We visualize the attention map of the class token in TAM to verify that our model can attend to local features that are both transferable and discriminative. Without loss of generality, we randomly sample target-domain images in VisDA-2017 dataset for comparison. As shown in Figure 3, our method captures more accurate regions than Source Only and Baseline. For instance, to recognize the person in the top-left image, Source Only mainly focus on women’s shoulder which is discriminative yet not highly transferable. Moving beyond the shoulder region, the baseline also attends to faces and hands that can generalize well across domains. Our method, instead, ignores the shoulder and only highlight those regions that are important for classification and transferable. Certainly, by leveraging the intrinsic attention mechanism and fine-grained features captured by sequential patches, our method promotes the capability of ViT in transferring domain knowledge.

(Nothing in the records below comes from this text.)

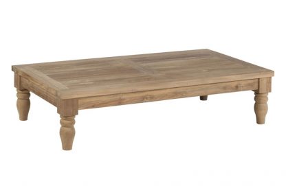 Die Kawang Lounge aus der Exotan-Kollektion hat aufgrund ihrer schönen Oberflächen einen kolonialen Look. Da diese Serie aus recyceltem Teakholz hergestellt ist, hat dieser Tisch einen Vintage-Look. Teakholz ist ein Naturprodukt, das sich verfärben und Haarrisse entwickeln kann. Dies beeinträchtigt jedoch nicht die Konstruktion des Holzes.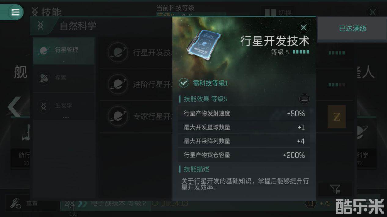 行星开发技术也属于是玩家们推荐直接点满的科技,它的效果是提升挖矿的效率,等于提高产量,并且百分比效果十分可观。行星开采只要玩家选择高安星系就是一个稳定且相对更安全的赚钱手段,其技能等级的提升所带来的收益也会飞跃式的上涨。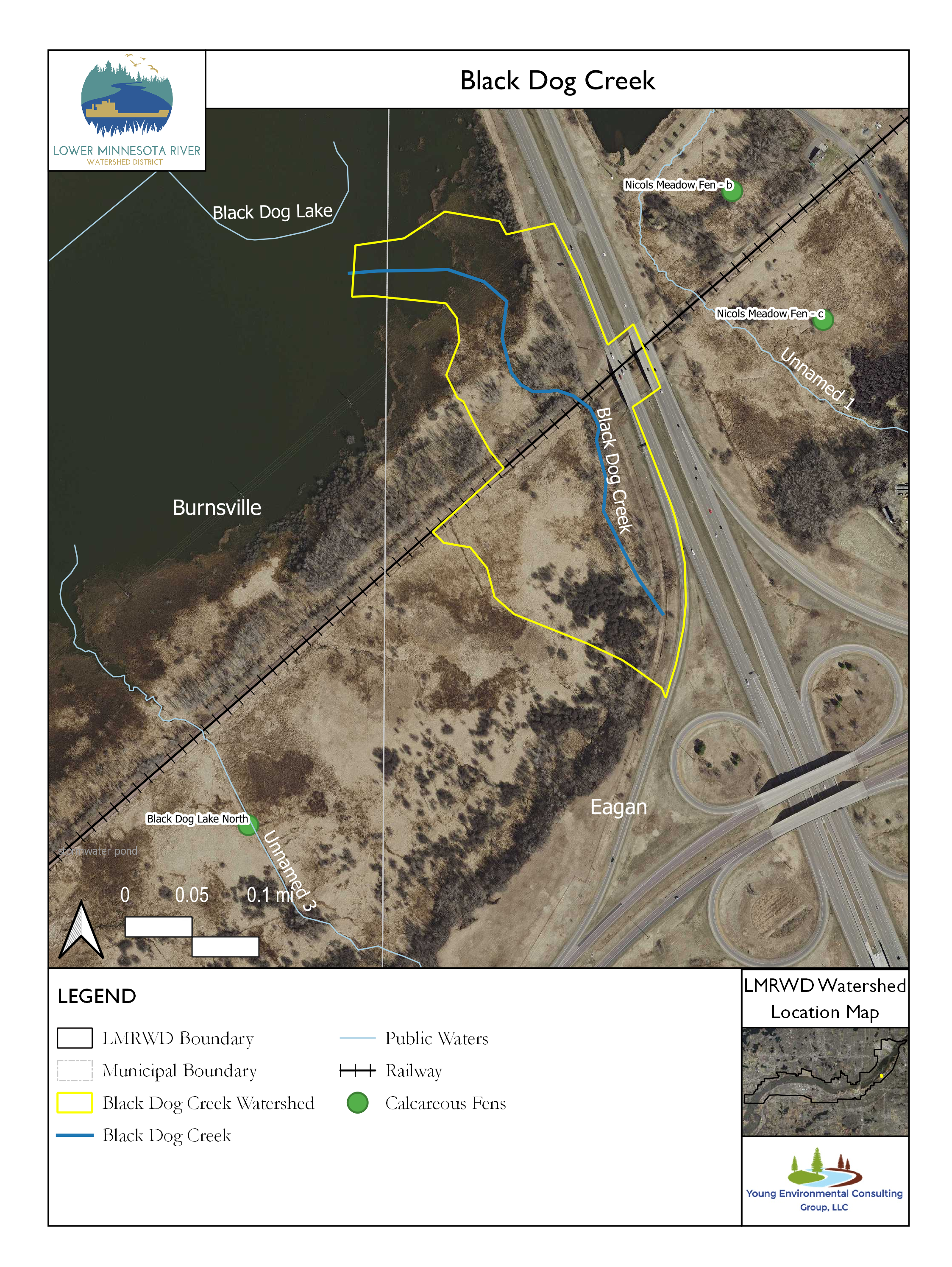 Black Dog Creek is a small stream within the City of Burnsville in Dakota County, Minnesota, that discharges into Black Dog Lake. Much of the creek is within the Lower Minnesota River floodplain. In 1896 the creek had a drainage area of over 4,500 acres but watershed alterations and channel realignments over the years have divided the watershed into many small streams, including Black Dog Creek, which presently has a drainage area of only 29 acres (Young 2022). The creek relies mostly on groundwater discharge for its flow.

Figure 2: t-SNE visualization of VisDA-2017 dataset, where red and blue points indicate the source (synthetic rendering) and the target (real images) domain, respectively.


In this paper, we perform the first-of-its-kind investigation of ViT’s transferability in UDA task and observe that ViT are more transferable than CNNs counterparts. To further improve the power of ViT in transferring domain knowledge, we propose TVT by explicitly considering the intrinsic merits of transformer architecture. Specifically, TVT captures both transferable and discriminative features in the given image, and retains discriminative information of the learnt domain-invariant representations. Experimental results on widely used benchmarks show that TVT outperforms prior UDA methods by a large margin.

Figure 3: Attention map visualization of person, truck, and bicycle in VisDA-2017 dataset. The hotter the color, the higher the attention.